▸ **Stored data**:
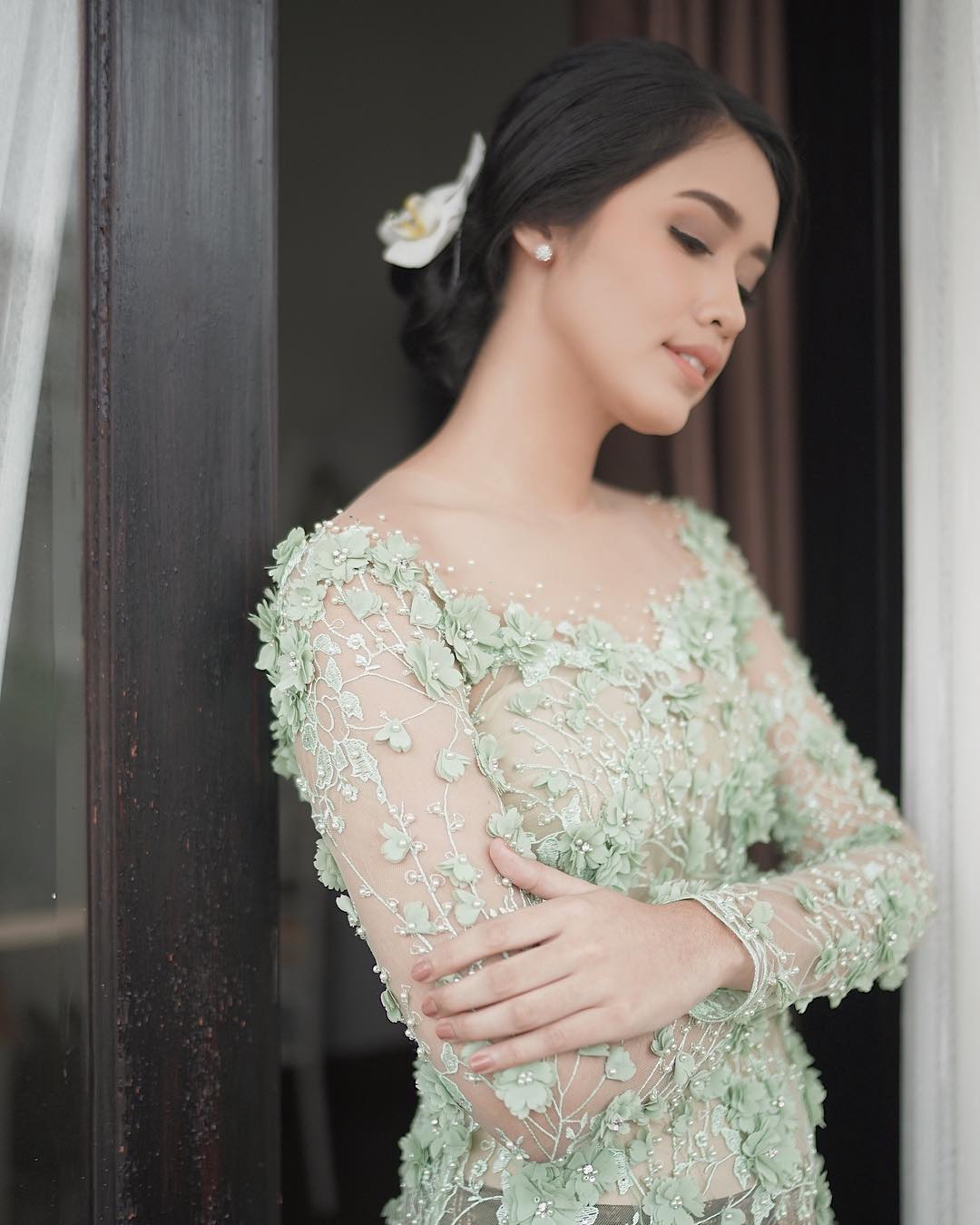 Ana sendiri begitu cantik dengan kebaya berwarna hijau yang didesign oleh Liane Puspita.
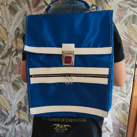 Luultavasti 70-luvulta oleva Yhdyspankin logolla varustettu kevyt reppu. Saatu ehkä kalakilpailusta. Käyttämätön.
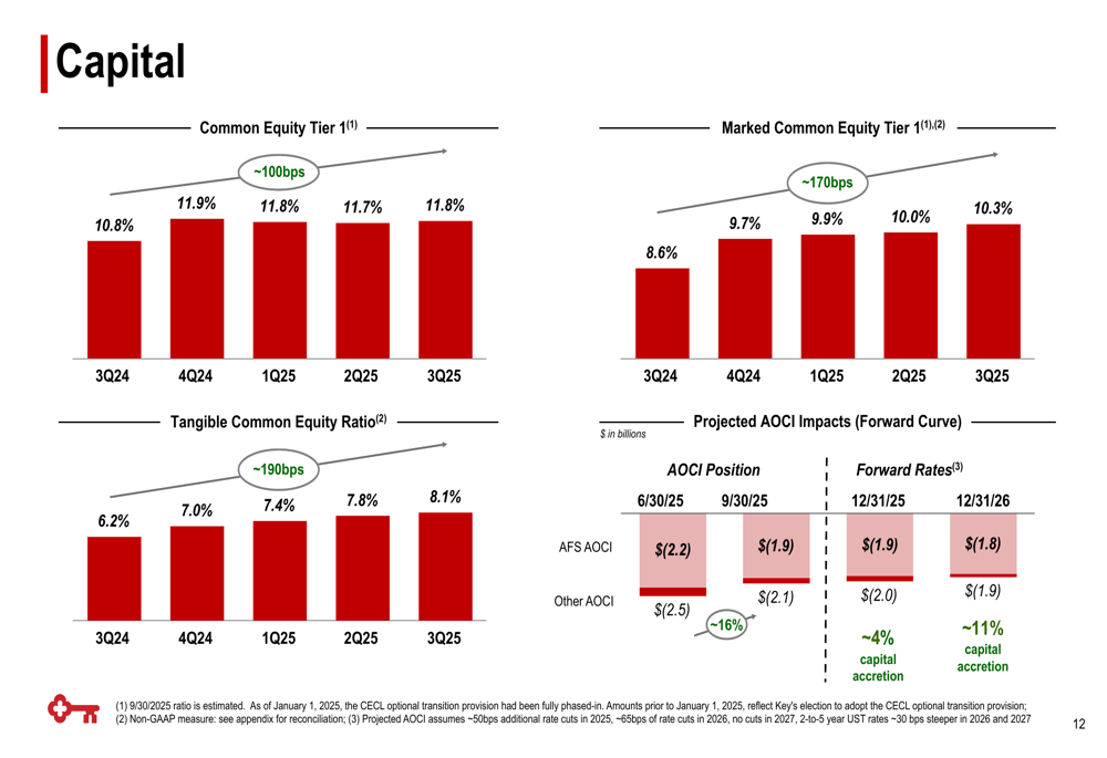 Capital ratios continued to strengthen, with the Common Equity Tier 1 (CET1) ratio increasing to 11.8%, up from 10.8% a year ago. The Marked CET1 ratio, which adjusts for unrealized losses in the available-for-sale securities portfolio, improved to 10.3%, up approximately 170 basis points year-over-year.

==

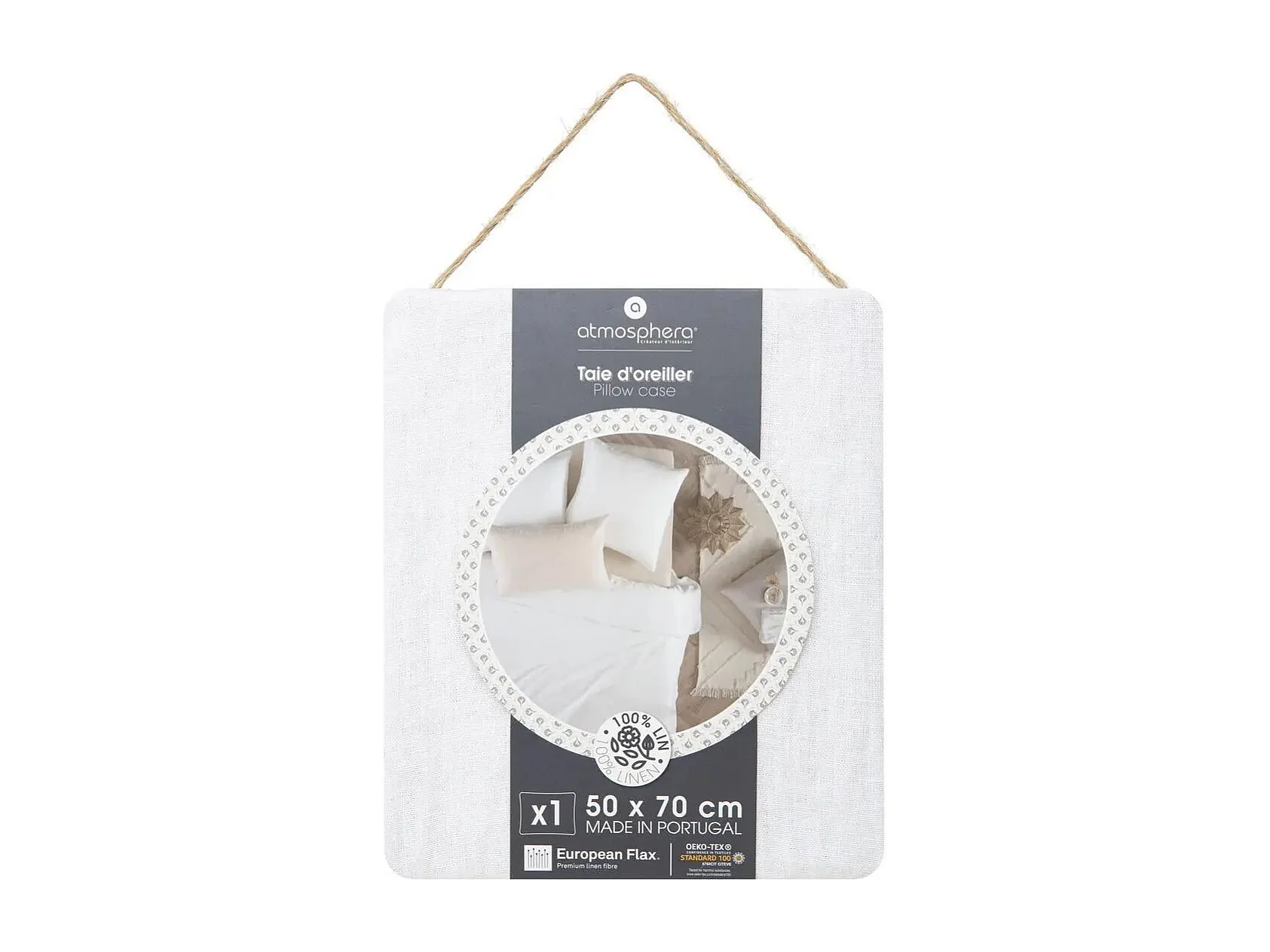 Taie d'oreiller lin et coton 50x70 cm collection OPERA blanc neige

---

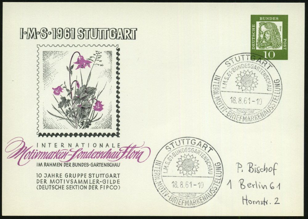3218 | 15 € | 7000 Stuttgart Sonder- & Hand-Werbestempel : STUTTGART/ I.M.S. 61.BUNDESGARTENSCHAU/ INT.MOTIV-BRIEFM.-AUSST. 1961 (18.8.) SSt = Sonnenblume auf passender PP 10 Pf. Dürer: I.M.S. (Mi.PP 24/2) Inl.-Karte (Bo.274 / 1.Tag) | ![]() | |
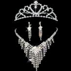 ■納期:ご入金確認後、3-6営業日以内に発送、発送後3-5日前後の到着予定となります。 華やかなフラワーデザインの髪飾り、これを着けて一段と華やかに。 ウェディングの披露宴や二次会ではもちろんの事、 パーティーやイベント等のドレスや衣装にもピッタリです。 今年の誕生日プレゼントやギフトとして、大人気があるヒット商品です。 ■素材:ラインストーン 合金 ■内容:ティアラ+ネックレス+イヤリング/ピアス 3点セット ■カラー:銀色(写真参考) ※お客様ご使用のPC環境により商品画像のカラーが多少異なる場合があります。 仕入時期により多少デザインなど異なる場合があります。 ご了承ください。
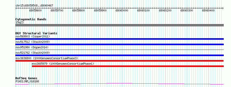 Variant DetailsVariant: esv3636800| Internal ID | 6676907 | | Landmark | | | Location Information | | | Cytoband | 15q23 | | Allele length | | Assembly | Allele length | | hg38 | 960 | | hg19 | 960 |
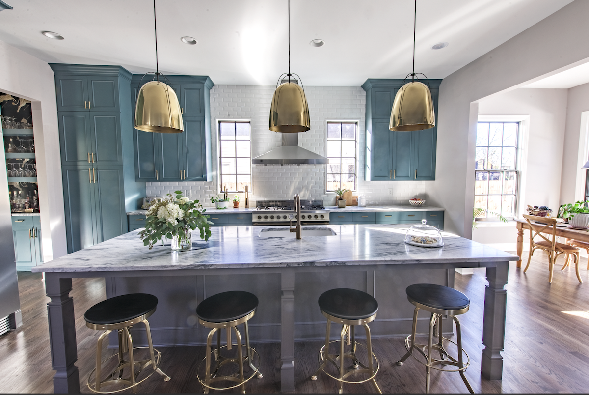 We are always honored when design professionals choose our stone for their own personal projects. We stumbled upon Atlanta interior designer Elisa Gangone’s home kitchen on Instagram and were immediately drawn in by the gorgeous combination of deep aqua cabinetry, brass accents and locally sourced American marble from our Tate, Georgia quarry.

▸ **Your assignment**:
Leave the pictures out, and transcribe exactly the lines above starting at the one that contains "Variant DetailsVariant: esv3636800|" and ending at the one that contains "We are always".

▸ **Answer for this exercise**:
 Variant DetailsVariant: esv3636800| Internal ID | 6676907 | | Landmark | | | Location Information | | | Cytoband | 15q23 | | Allele length | | Assembly | Allele length | | hg38 | 960 | | hg19 | 960 |
 We are always honored when design professionals choose our stone for their own personal projects. We stumbled upon Atlanta interior designer Elisa Gangone’s home kitchen on Instagram and were immediately drawn in by the gorgeous combination of deep aqua cabinetry, brass accents and locally sourced American marble from our Tate, Georgia quarry.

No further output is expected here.